→ Problem to work on: Write out the entries exactly, pictures excluded.
Top of Given records
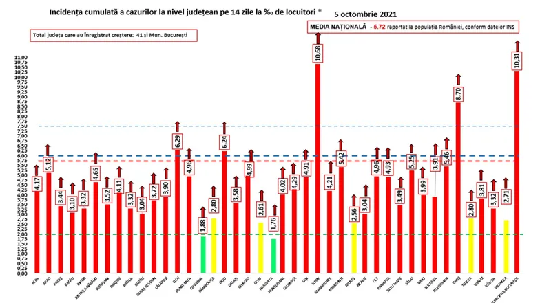 Coeficientul infectărilor cumulate la 14 zile, raportate la 1.000 de locuitori este calculat de către Direcțiile de Sănătate Publică, la nivelul Municipiului București și al județelor. Mai jos aveți graficul realizat în baza raportărilor primite de CNCCI de la Direcțiile de Sănătate Publică:
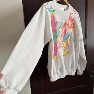80s Vintage Marcia White and Neon Spandex Sequin Sweatshirt Oversized | Medium
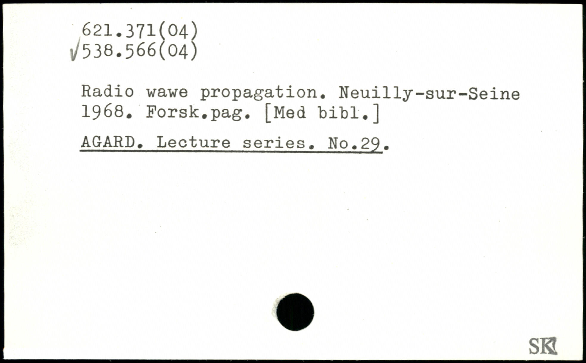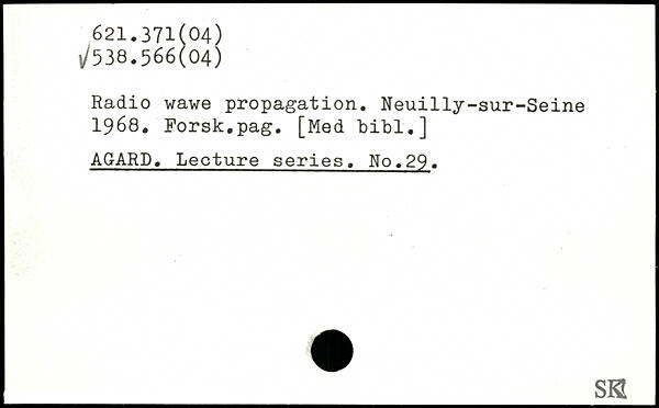 Radio wawe propagation. Neuilly-sur-Seine 1968. Forsk.pag. [Med bill.] AGARD. Lecture series. No.29. _SB
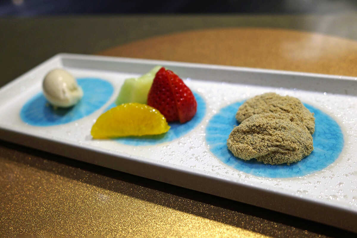 “季節のデザート”も、木村氏が自ら作るというこだわりよう。もっちりとしたわらび餅に、香ばしいほうじ茶アイスクリームは、最後を締めるのに相応しい珠玉の甘味。
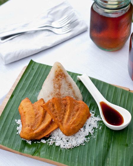Cẩn thận bỏ xôi ra đĩa và sắp xếp vài miếng chuối chiên bên cạnh. Rắc dừa nạo và rưới chút nước xốt đường cọ vào.
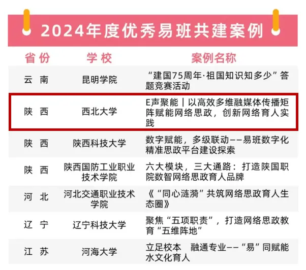 近日,教育部易班发展中心公布了2024年度全国易班共建优秀名单,由beat365官网辅导员蔡一璇申报的案例《E声聚能|以高效多维融媒体传播矩阵赋能网络思政,创新网络育人实践》获评“2024年度全国优秀易班共建案例”;beat365官网辅导员周宛瑾获“2024年度全国优秀易班辅导员”称号;beat365官网辅导员韩钰获评“2024年度全国优秀易班指导教师”。
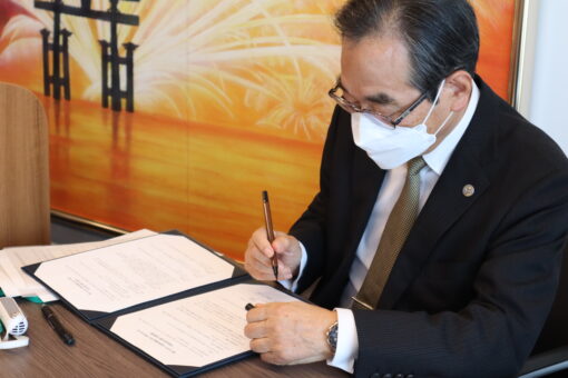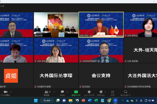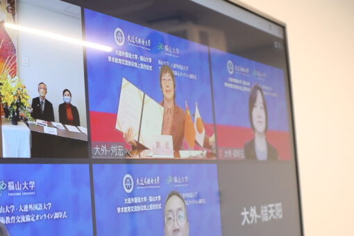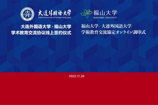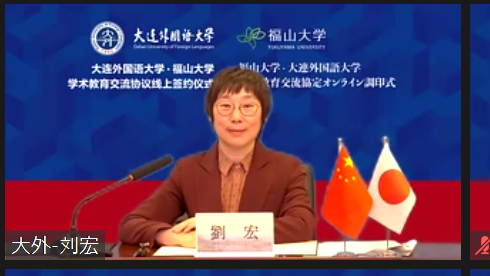 今回の協定締結式は、新型コロナウイルス感染症の影響によりオンライン形式を取らざるを得ませんでしたが、今後お互いを自由に行き来できる日が一日も早く到来することを願っております。大連外国語大学の学生・教職員の皆様方、福山大学に是非お越しいただければと思います。この度の協定締結により、双方の関係が更に深まり、学術教育交流の推進が期待されます。
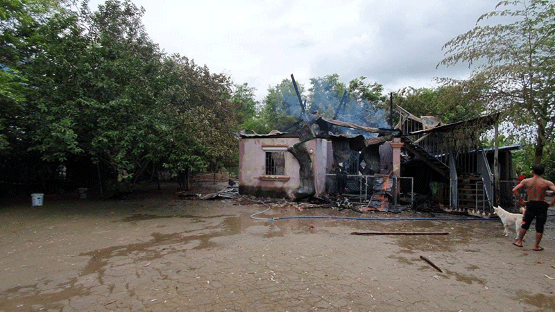 ខេត្តស្វាយរៀង៖ផ្ទះប្រជាពលរដ្ឋមួយខ្នងត្រូវអគ្គីភ័យលេបត្របក់អស់សល់តែផេះបណ្តាលមកពីផ្ទុះសេខ្សែភ្លើង។
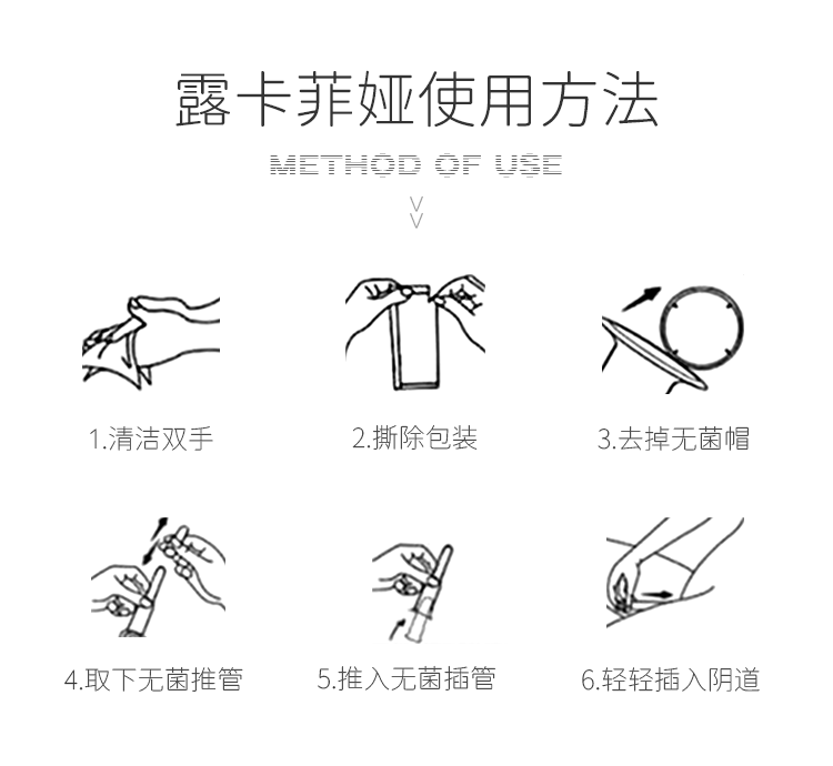 2、平躺,弯曲双膝,将推注器放入阴道3-5公分处,将本品推入阴道后缓缓撤出即可;(不可推入过深)
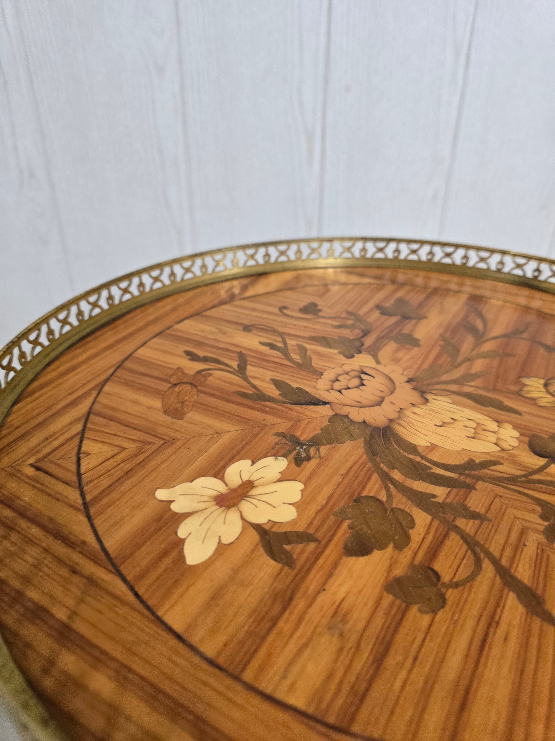 Décor : Marqueterie florale sur le plateau et tablette basse
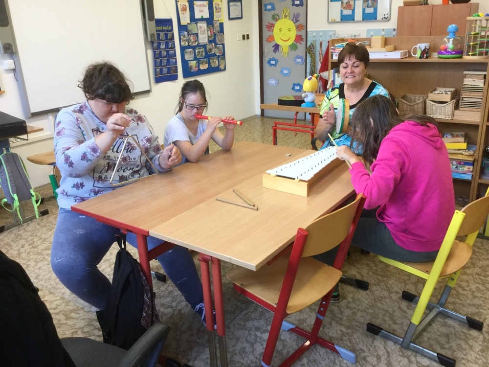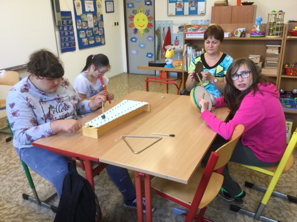 V hudební výuce nejen zpíváme, tančíme, ale i zkoušíme hrát i na různé hudební nástroje.
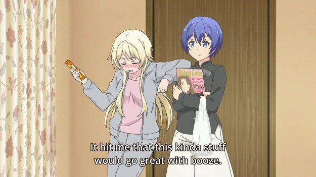 Oh shit, they did! Kinda. Eh, close enough. Anyways, Michiru is trying to lose some weight, so she refuses the umaibo snacks at first. But if she wants to lose weight, why is she drinking every single week? It’s really quite funny how young people casually indulge themselves in drinks after drinks, then act all surprised that all those calories eventually add up.
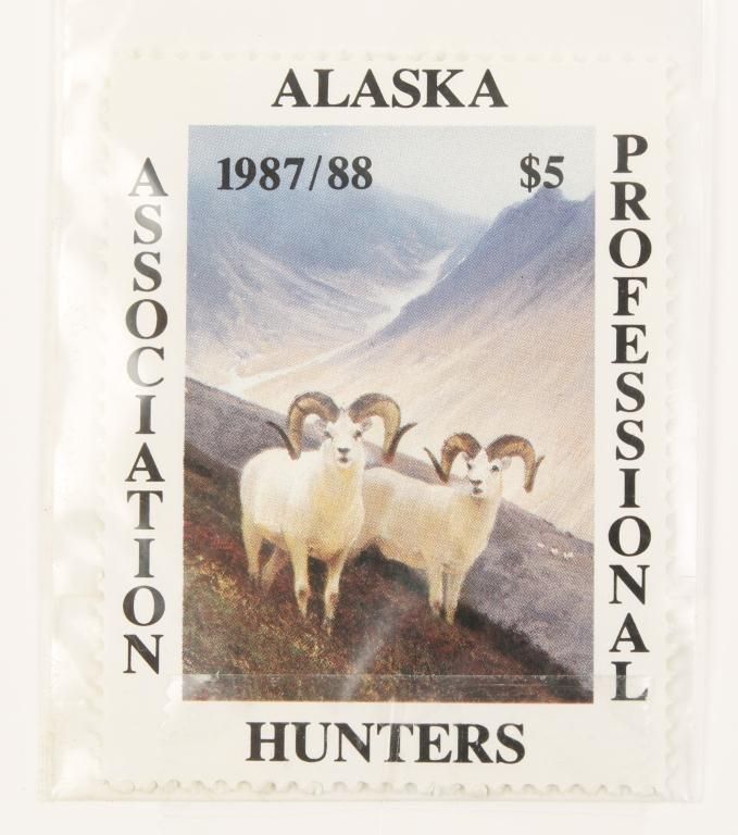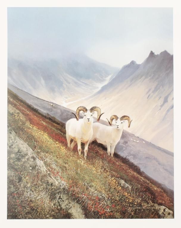 Color print entitled “Old Timers” showing two white curled horn rams in a mountain setting by Michael Coleman, approx. 18-1/2” x 14-1/2”, beautifully accomplished and accompanied by an Alaska ProfessionalHunter’s Association 1987/88 Commemorative Stamp featuring this exact scene. Coleman is one of America’s best known wildlife and Western artists and has won many awards in his field and is widely collected. Est.:$50-$100.
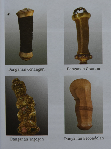Let's take a look on non-figural Balinese Keris hilts in that book. About the form with gold wire braiding between Selut with stones and an end piece with Liking Paku figurine, he writes - it is called Loceng (which is Loncengan), in North Bali called Grantim (Gerantiman). If such hilt (in North Bali) has a plain Selut (apparently still with braiding), it is called Loceng (Loncengan). If such hilt, with Selut and Liking Paku finial, appears with plain wooden body, without braiding, it is called Telaga Ngembeng. After a couple of paragraphs he calls exactly the same hilt form Tapuk (Tapukan).
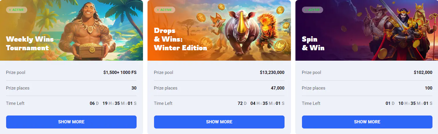 Do you crave the battle against other players? For a competitive experience, enter the arena and compete against other players at Koru Casino. Work your way through the various rounds, climb the leaderboard, and gain the perks, bonuses, and cash winnings. You can currently play the ‘Weekly Wins Tournament’ offering a prize pool of $1,000 and 1000 free spins, ‘Spinoleague 2025’ with a $12,000,000 prize pool, and ‘Heart of Volcano’ with a prize pool of $300,000.
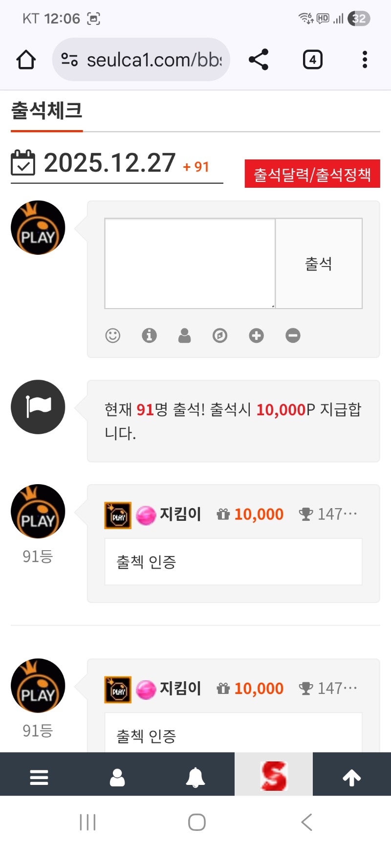 출첵 인증 지킴이 2 0 0 00:07:08 *기프티콘 바코드 노출 주의* <- 만근 가보자구요 ^^♡ 0 0 https://seulca1.com/bbs/board.php?bo_table=free&wr_id=3421039 Author 9 4 Lv.18 지킴이 18 132,485,694 (54%) 지킴이님 보유 포인트 : P 191,823 12.27 첫일복은..역시나 ㅋ +5 12.27 주복1등 나오니 주복오는 센스 ㅋ +2 12.27 출첵 인증 +4 12.26 오늘하루 수고하셨습니다 +4 12.26 사자 수익기념 슬포
Bottom of Given records
→ Output for this task:
 Coeficientul infectărilor cumulate la 14 zile, raportate la 1.000 de locuitori este calculat de către Direcțiile de Sănătate Publică, la nivelul Municipiului București și al județelor. Mai jos aveți graficul realizat în baza raportărilor primite de CNCCI de la Direcțiile de Sănătate Publică:
80s Vintage Marcia White and Neon Spandex Sequin Sweatshirt Oversized | Medium
 Radio wawe propagation. Neuilly-sur-Seine 1968. Forsk.pag. [Med bill.] AGARD. Lecture series. No.29. _SB
 “季節のデザート”も、木村氏が自ら作るというこだわりよう。もっちりとしたわらび餅に、香ばしいほうじ茶アイスクリームは、最後を締めるのに相応しい珠玉の甘味。
Cẩn thận bỏ xôi ra đĩa và sắp xếp vài miếng chuối chiên bên cạnh. Rắc dừa nạo và rưới chút nước xốt đường cọ vào.
 近日,教育部易班发展中心公布了2024年度全国易班共建优秀名单,由beat365官网辅导员蔡一璇申报的案例《E声聚能|以高效多维融媒体传播矩阵赋能网络思政,创新网络育人实践》获评“2024年度全国优秀易班共建案例”;beat365官网辅导员周宛瑾获“2024年度全国优秀易班辅导员”称号;beat365官网辅导员韩钰获评“2024年度全国优秀易班指导教师”。
 今回の協定締結式は、新型コロナウイルス感染症の影響によりオンライン形式を取らざるを得ませんでしたが、今後お互いを自由に行き来できる日が一日も早く到来することを願っております。大連外国語大学の学生・教職員の皆様方、福山大学に是非お越しいただければと思います。この度の協定締結により、双方の関係が更に深まり、学術教育交流の推進が期待されます。
 ខេត្តស្វាយរៀង៖ផ្ទះប្រជាពលរដ្ឋមួយខ្នងត្រូវអគ្គីភ័យលេបត្របក់អស់សល់តែផេះបណ្តាលមកពីផ្ទុះសេខ្សែភ្លើង។
 2、平躺,弯曲双膝,将推注器放入阴道3-5公分处,将本品推入阴道后缓缓撤出即可;(不可推入过深)
 Décor : Marqueterie florale sur le plateau et tablette basse
 V hudební výuce nejen zpíváme, tančíme, ale i zkoušíme hrát i na různé hudební nástroje.
 Oh shit, they did! Kinda. Eh, close enough. Anyways, Michiru is trying to lose some weight, so she refuses the umaibo snacks at first. But if she wants to lose weight, why is she drinking every single week? It’s really quite funny how young people casually indulge themselves in drinks after drinks, then act all surprised that all those calories eventually add up.
 Color print entitled “Old Timers” showing two white curled horn rams in a mountain setting by Michael Coleman, approx. 18-1/2” x 14-1/2”, beautifully accomplished and accompanied by an Alaska ProfessionalHunter’s Association 1987/88 Commemorative Stamp featuring this exact scene. Coleman is one of America’s best known wildlife and Western artists and has won many awards in his field and is widely collected. Est.:$50-$100.
Let's take a look on non-figural Balinese Keris hilts in that book. About the form with gold wire braiding between Selut with stones and an end piece with Liking Paku figurine, he writes - it is called Loceng (which is Loncengan), in North Bali called Grantim (Gerantiman). If such hilt (in North Bali) has a plain Selut (apparently still with braiding), it is called Loceng (Loncengan). If such hilt, with Selut and Liking Paku finial, appears with plain wooden body, without braiding, it is called Telaga Ngembeng. After a couple of paragraphs he calls exactly the same hilt form Tapuk (Tapukan).
 Do you crave the battle against other players? For a competitive experience, enter the arena and compete against other players at Koru Casino. Work your way through the various rounds, climb the leaderboard, and gain the perks, bonuses, and cash winnings. You can currently play the ‘Weekly Wins Tournament’ offering a prize pool of $1,000 and 1000 free spins, ‘Spinoleague 2025’ with a $12,000,000 prize pool, and ‘Heart of Volcano’ with a prize pool of $300,000.
 출첵 인증 지킴이 2 0 0 00:07:08 *기프티콘 바코드 노출 주의* <- 만근 가보자구요 ^^♡ 0 0 https://seulca1.com/bbs/board.php?bo_table=free&wr_id=3421039 Author 9 4 Lv.18 지킴이 18 132,485,694 (54%) 지킴이님 보유 포인트 : P 191,823 12.27 첫일복은..역시나 ㅋ +5 12.27 주복1등 나오니 주복오는 센스 ㅋ +2 12.27 출첵 인증 +4 12.26 오늘하루 수고하셨습니다 +4 12.26 사자 수익기념 슬포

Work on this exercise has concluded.